Software configuration :

  • example configuration: "Reinforcement learning - obstacle avoidance

Duration :

30 minutes

Age :

Ages 8 and up


The advantages of this activity :

  • Introducing reinforcement learning
  • Understanding the "try and learn" principle = pedagogical benefits
  • Can be performed with the simulator

This activity involves observing a robot learning autonomously, based on the principle of reinforcement learning. Some general conclusions can be drawn about the conditions required for effective learning.

[Video content coming soon]

Introduction

In this activity, we're not training the robot: it's the robot itself that will create the examples it uses to make the right decisions about which actions to take.
To help the robot distinguish between good and bad decisions, the algorithm includes a reward system.

Here, the robot receives the following rewards for its actions: 

  • advance: 100 points
  • turn: 82 points
  • back off: -50 points
  • The robot also receives a penalty of -50 points for blocking.

In the "Level" bar, you can see the average reward score obtained by the robot.
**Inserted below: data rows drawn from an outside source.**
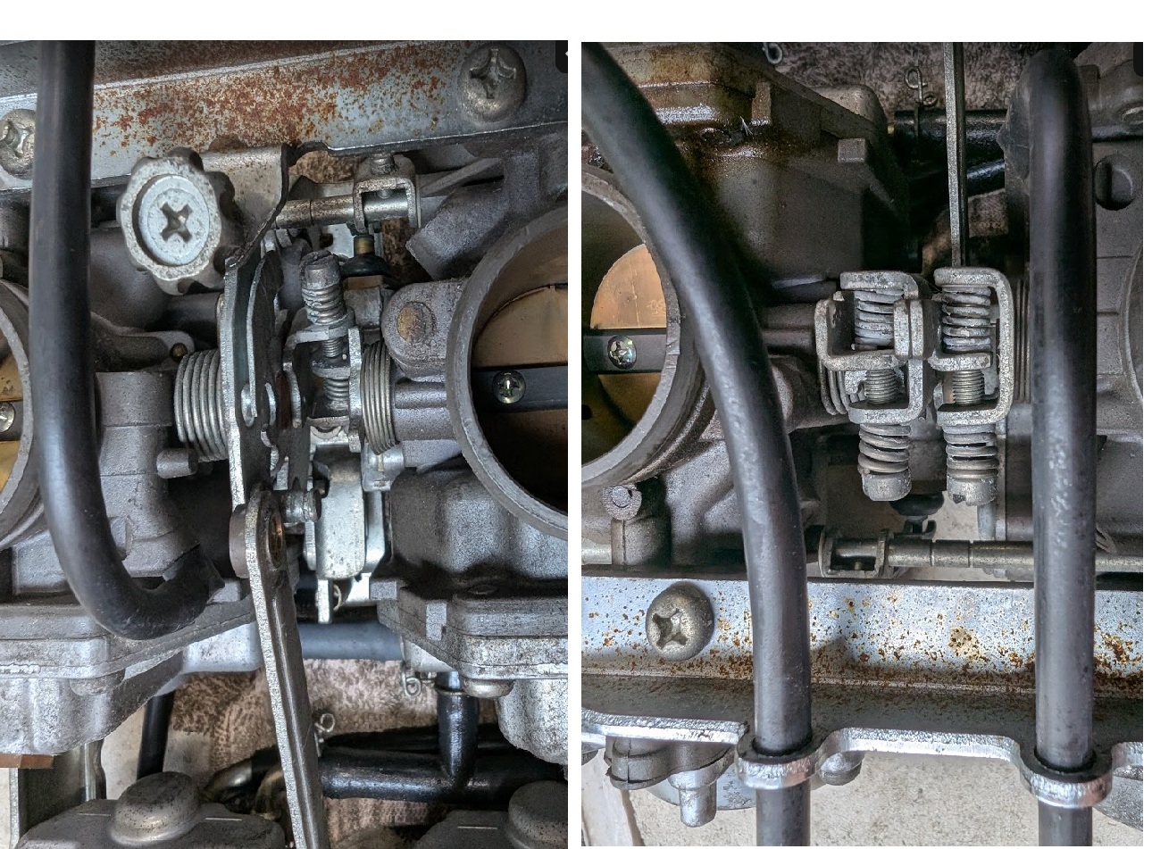 今回のキャブレターはV型4気筒エンジンに対応するよう不思議な連結をしています。単体キャブがストレートに並んでいないので、様々なリンクが複雑なのです。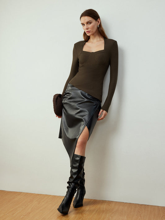 Asymmetrical PU Leather One-Shoulder Top
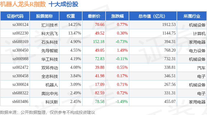 证券之星消息,11月28日,机器人龙头R(480071)指数报收于2532.15点,涨0.87%,成交246.17亿元,换手率1.96%。当日该指数成份股中,上涨的有44家,固高科技以14.24%的涨幅领涨,下跌的有5家,凌云光以1.88%的跌幅领跌。
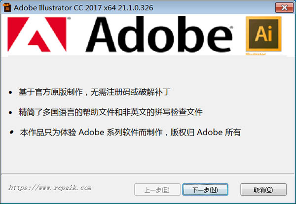 1.下载好数据包后,直接解压用鼠标双击“Illustrator+CC+2017+22.0.0.243.x64.exe”打开进入安装向导,点击“下一步”
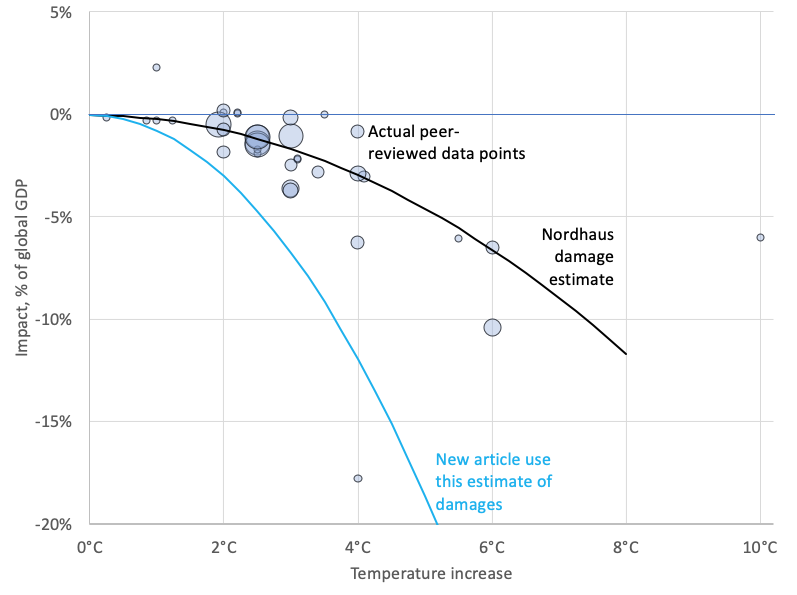 Alle de klimaskeptiske meningsdannere som Lomborg og CEPOS har flittigt brugt Nordhaus beregninger til at stoppe klimafremskridt. Vi andre har altid vidst at de var forkert på den (det vidste de nok også selv). Nu er der også en forskningsartikel der siger det

Its aim is to maximize this score, so it will gradually learn to choose the actions that will bring it the optimum rewards, taking into account what its sensors are telling it.
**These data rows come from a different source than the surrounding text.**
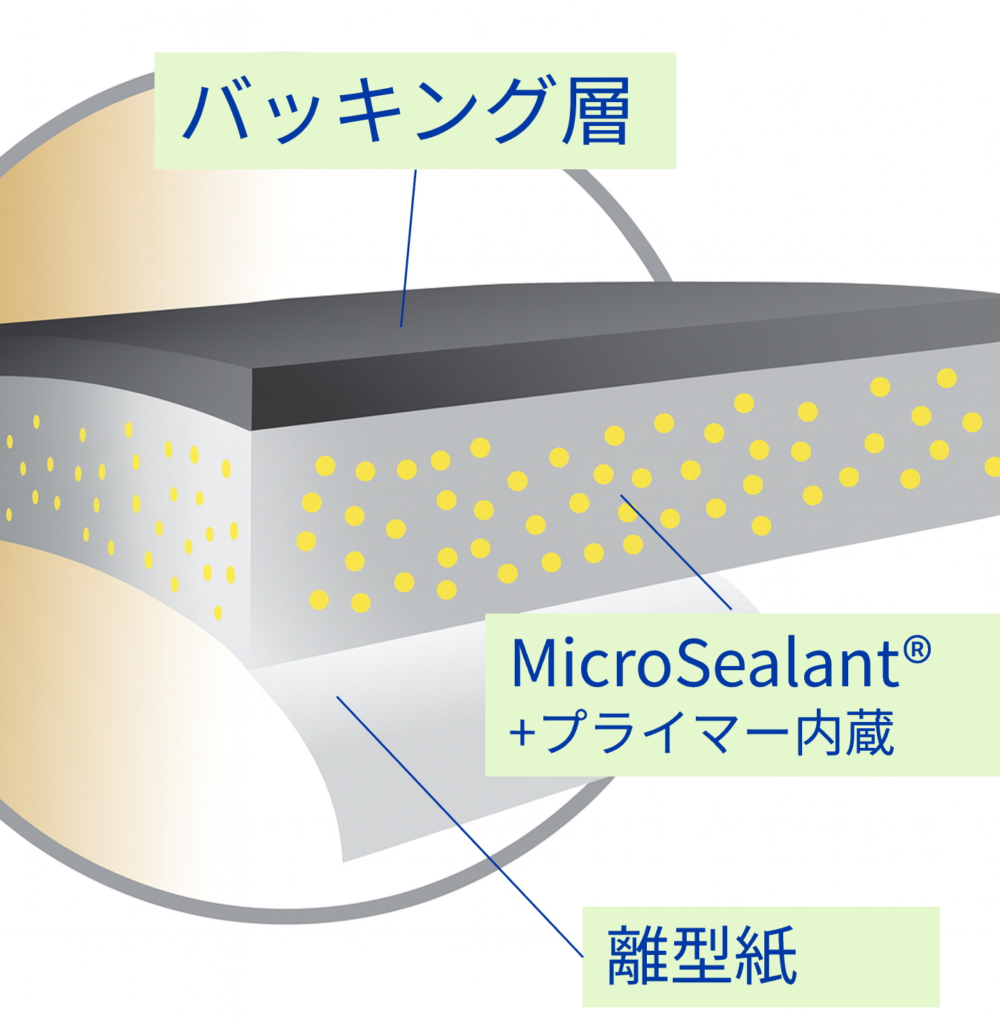 エターナボンドは、H.B.Fullerの特許技術「MicroSealant®(マイクロシーラント)」を採用した最先端の防水テープです。テープの粘着層にあらかじめプライマー成分を含有させる独自技術によって、圧着だけで直ちに防水・気密性を維持します。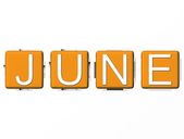 Słowa czerwca, napisany z 3d stojący kolorowe litery, lekko ugięte, na białej powierzchni renderowania - 3d ilustracja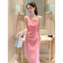 Women's Slim Pearl Strap Midi Dress for Summer 2024

We'll now be able to observe the robot's progress as it learns. Start by setting up an obstacle-free arena, and place the robot in it.
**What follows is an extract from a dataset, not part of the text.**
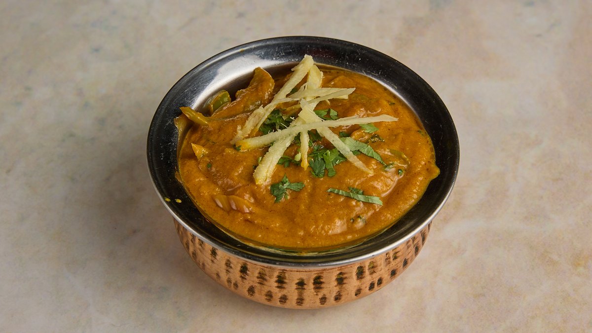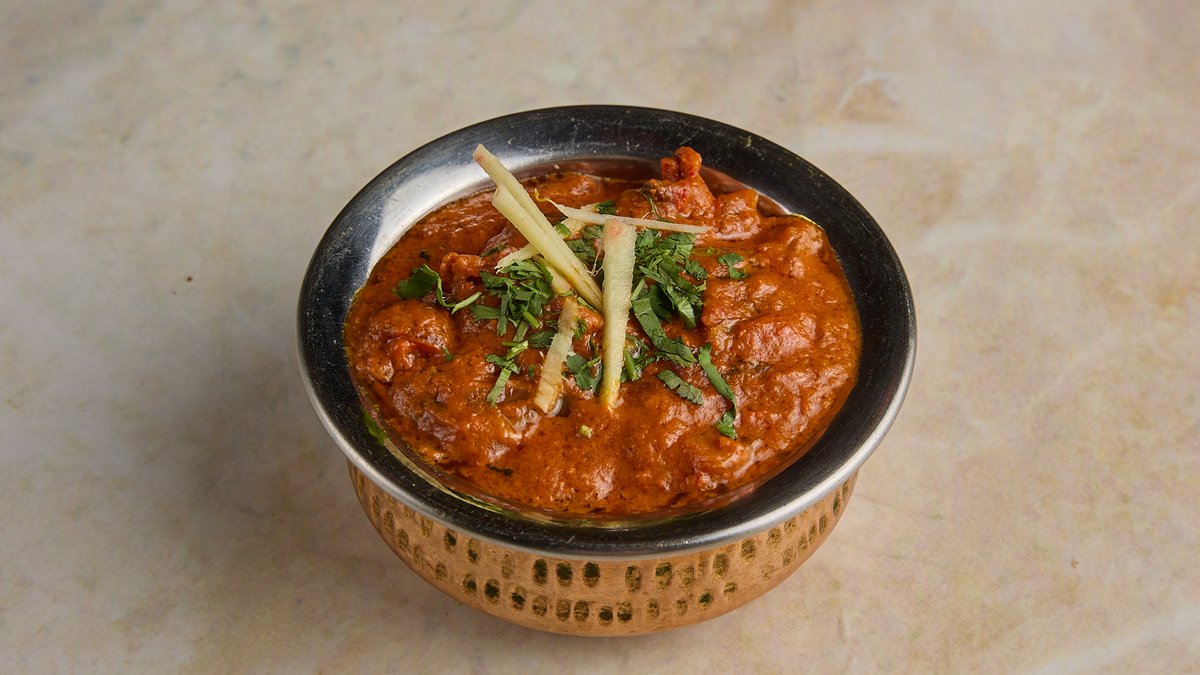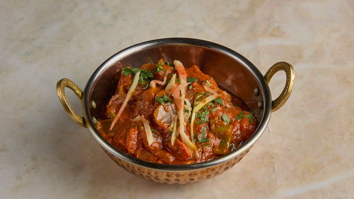 Tender lamb cooked in a shallow pan with a sauce of tomato, onion, ginger, garlic and served on a traditional Indian dish

Learning to use the robot independently

In the AlphAI software, select the example configuration: "Reinforcement learning - obstacle avoidance".

In this activity, the robot teaches itself!

Start the autonomous mode, and watch your robot. How does it behave?
When the robot has identified a rewarding action (e.g. turning), it may decide to perform only that action from now on.

We'll now activate the "explore" button: from time to time, the robot will decide to perform a random action. This will enable it to discover that the action it would have chosen may not be the optimal reward, and to enrich its learning with new data.

Normally, he learns in succession to go straight ahead, to turn around when he bumps into an obstacle, and then to recognize these obstacles in advance and turn before bumping into them! This learning process takes about 10 minutes.

Don't hesitate to deactivate the "exploration" mode when the robot starts to choose the right actions to perform.

Review and feedback

Once training is complete, stop your robot and click on "graphs" in the bottom bar (if the button doesn't appear, change the parameter display to "advanced" or "expert"). Normally, the values should be very high at the start of the activity, then gradually tend towards zero: the robot has trained itself not to make any more mistakes!

The way reinforcement learning works can be summarized as follows: 

What's needed to teach the robot :

  • Repetition of the same task: the robot doesn't immediately find the right solution, but only improves through repetition.
  • Exploration: the robot may need to try out new ideas, to avoid being locked into a non-optimal solution.
  • Rewards or penalties : the robot needs external help to assess whether its decisions are optimal or not.
  • Room forerror: the robot learns from its mistakes without getting discouraged! Mistakes help it learn which actions not to repeat!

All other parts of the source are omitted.